A flexible spending account (FSA) is a type of tax-advantaged financial account that is usually set up through an employer. The most common form of FSA is the medical expense account. Many times the FSA is offered in addition to traditional types of health insurance and can cover various items and procedures, such as cosmetic surgery, acupuncture, dental expenses, vision care and other items, that standard health insurance will not touch.

FSA plans likely cover anything that improves overall quality of health, including over-the-counter medications, gym memberships or yoga classes. The majority of FSA plans offer a credit card that allows the cardholder to pay for the goods immediately and electronically pass on their purchase information directly to the company, doing away with paperwork. Flexible spending accounts (FSA) usually have a five-thousand dollar limit, and some plans allow you to cover your children or spouse.

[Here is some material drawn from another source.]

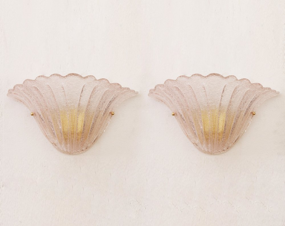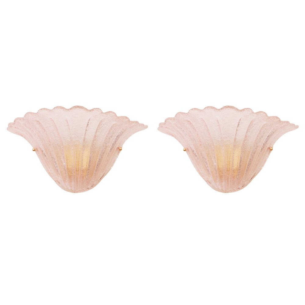 Pink Murano Glass Wall Sconces with Grit, 1990s, Set of 2

One of the major advantages of the FSA is the nifty tax break that it bestows upon the account holder. Usually FSA payments are withdrawn straight from a paycheck, but they are withdrawn before taxes are taken out. This allows a shrewd investor to pay into his or her flexible spending account (FSA) with their pre-tax salary, reducing the cost of that payment and lessening the amount of taxes the investor pays overall.

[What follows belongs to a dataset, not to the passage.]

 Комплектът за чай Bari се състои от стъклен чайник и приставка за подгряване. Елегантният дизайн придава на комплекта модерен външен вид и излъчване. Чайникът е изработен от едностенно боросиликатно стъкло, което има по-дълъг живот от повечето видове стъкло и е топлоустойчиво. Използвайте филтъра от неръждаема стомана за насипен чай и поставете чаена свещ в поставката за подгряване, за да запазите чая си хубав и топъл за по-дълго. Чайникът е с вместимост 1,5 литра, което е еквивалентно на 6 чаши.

The major disadvantage is that, like some cell phone companies, you can’t roll an FSA over. The investor, as the saying goes, either uses it or loses it. This, however, can also be seen as a benefit.

Instead of waiting around to get sick, the account holder has an excuse to take a proactive approach to his or her own health. Towards the end of the coverage cycle, a person may have x dollars left unspent in the FSA. It is at this time of year that a wise investor may want to look at making expensive health care decisions. Beside stockpiling aspirin, the flexible spending account holder might want to research the various elective procedures that are available and use their FSA money there.

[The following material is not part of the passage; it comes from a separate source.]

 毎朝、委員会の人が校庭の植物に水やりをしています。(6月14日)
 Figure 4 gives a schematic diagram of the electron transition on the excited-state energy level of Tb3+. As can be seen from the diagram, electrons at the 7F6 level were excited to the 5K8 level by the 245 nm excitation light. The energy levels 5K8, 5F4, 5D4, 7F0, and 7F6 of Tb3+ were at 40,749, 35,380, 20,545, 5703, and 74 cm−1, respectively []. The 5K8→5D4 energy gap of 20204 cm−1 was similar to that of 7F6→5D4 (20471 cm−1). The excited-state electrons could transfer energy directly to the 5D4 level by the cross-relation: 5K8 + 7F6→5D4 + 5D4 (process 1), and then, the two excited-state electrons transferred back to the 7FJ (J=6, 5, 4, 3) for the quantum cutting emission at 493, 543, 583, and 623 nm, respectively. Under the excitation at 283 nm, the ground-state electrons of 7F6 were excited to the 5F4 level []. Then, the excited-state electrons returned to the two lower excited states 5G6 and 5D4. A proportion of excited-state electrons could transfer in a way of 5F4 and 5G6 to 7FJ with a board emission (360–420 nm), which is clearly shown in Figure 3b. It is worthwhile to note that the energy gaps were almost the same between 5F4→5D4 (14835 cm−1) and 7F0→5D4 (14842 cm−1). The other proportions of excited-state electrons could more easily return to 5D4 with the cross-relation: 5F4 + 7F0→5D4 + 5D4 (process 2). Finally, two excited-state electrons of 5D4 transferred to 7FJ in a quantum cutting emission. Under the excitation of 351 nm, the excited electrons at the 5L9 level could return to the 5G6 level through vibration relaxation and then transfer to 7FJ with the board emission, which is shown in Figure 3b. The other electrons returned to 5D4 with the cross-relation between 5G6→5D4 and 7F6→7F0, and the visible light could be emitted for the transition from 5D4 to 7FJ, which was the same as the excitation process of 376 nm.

Many people use their abundance of health care dollars for laser eye surgeries such as LASIK, SBK or PRK. These surgeries usually cost below the FSA account limit of five-thousand dollars. They typically land somewhere between the two-thousand to four-thousand dollar range. An account holder saddled with vision problems may want to think about getting refractive surgery. Not only do the results last for years, possibly a lifetime, but the savings on eyeglasses and contact lenses in the upcoming coverage cycles can allow the next stockpile of FSA dollars go towards that therapeutic Whirlpool spa that you‘ve had your eye on.